If you enjoy flying quadcopters, it is a good bet that you’ll have a drone with a camera. It used to be enough to record a video for later viewing, but these days you really want to see a live stream. The really cool setups have goggles so you can feel like you are actually in the cockpit. [Andi2345] decided to go one step further and build a drone that streams 3D video. You can see a video of the system, below.

Outdoors, there’s probably not a lot of advantage to having a 3D view, but it ought to be great for a small indoor drone. The problem is, of course, a small drone doesn’t have a lot of capacity for two cameras. The final product uses two cameras kept in sync with a sync separator IC and a microcontroller, while an analog switch intersperses the frames.

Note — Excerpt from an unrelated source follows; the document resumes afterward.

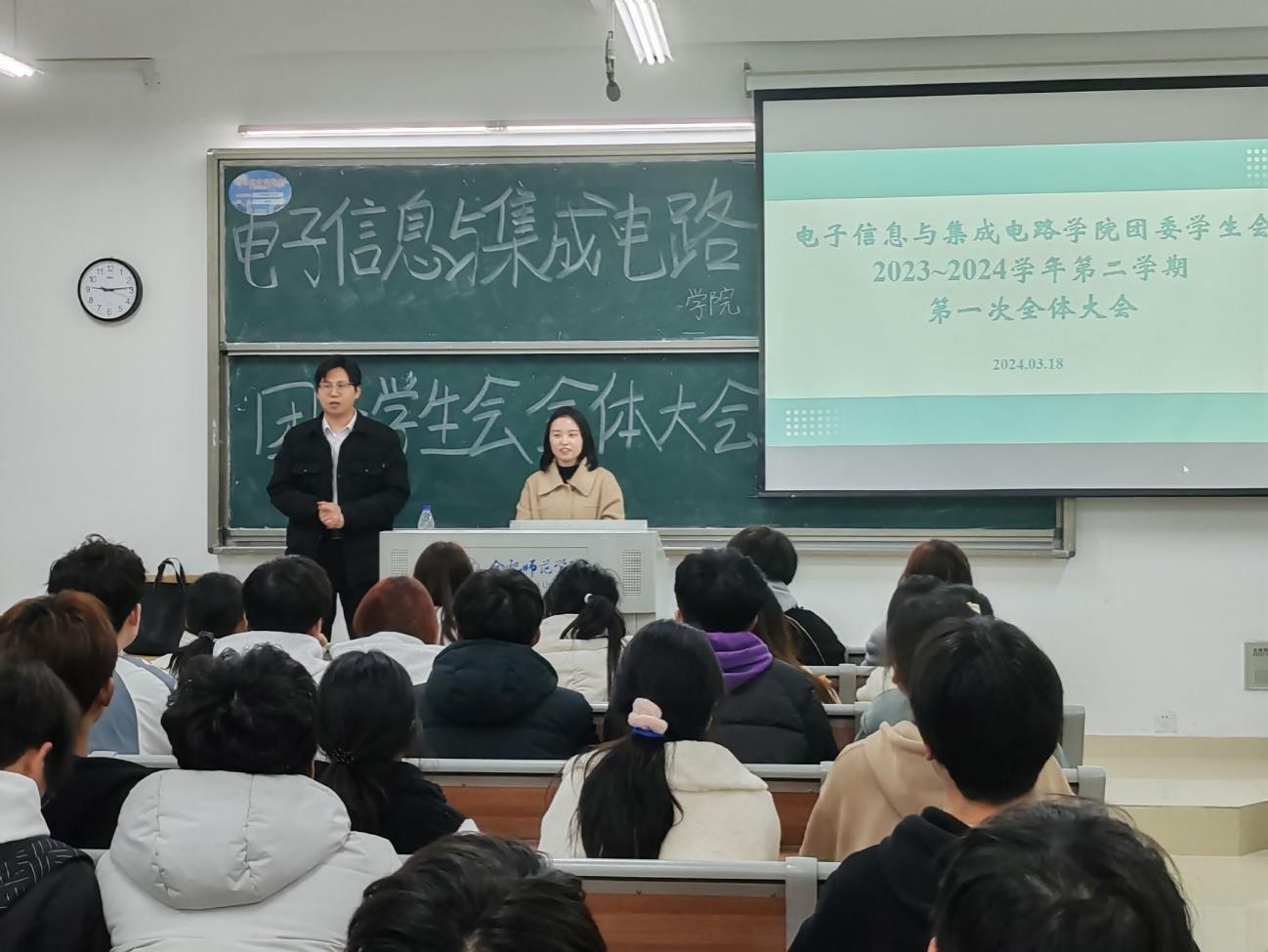 本网讯 为持续做好beat365正版唯一官方网站团委、学生会梯队建设,高质量推进一站式学生社区建设,3月18日晚,beat365正版唯一官方网站团委、学生会在滨湖校区博学楼A303教室召开春季学期第一次全体学生干部大会。电院团委书记江淼、副书记周司文,以及电院团委、学生会全体成员参加会议。

On the viewing side, a USB frame grabber and a Raspberry Pi splits the images again. At first, the system used an LCD screen married with a Google Cardboard-style goggle, but eventually, this became a custom Android application.

The two cameras work best if you can hack them to use the same clock. If you don’t, then one image may appear to roll. This might be less disturbing if you rotate the cameras so that the roll goes right to left instead of up and down. The system introduces about 100 ms of delay which isn’t perfect but is workable, apparently.

Small drones are easy to find, or you can build your own. We’ve seen cameras ganged for 3D before, but never at this small of a scale.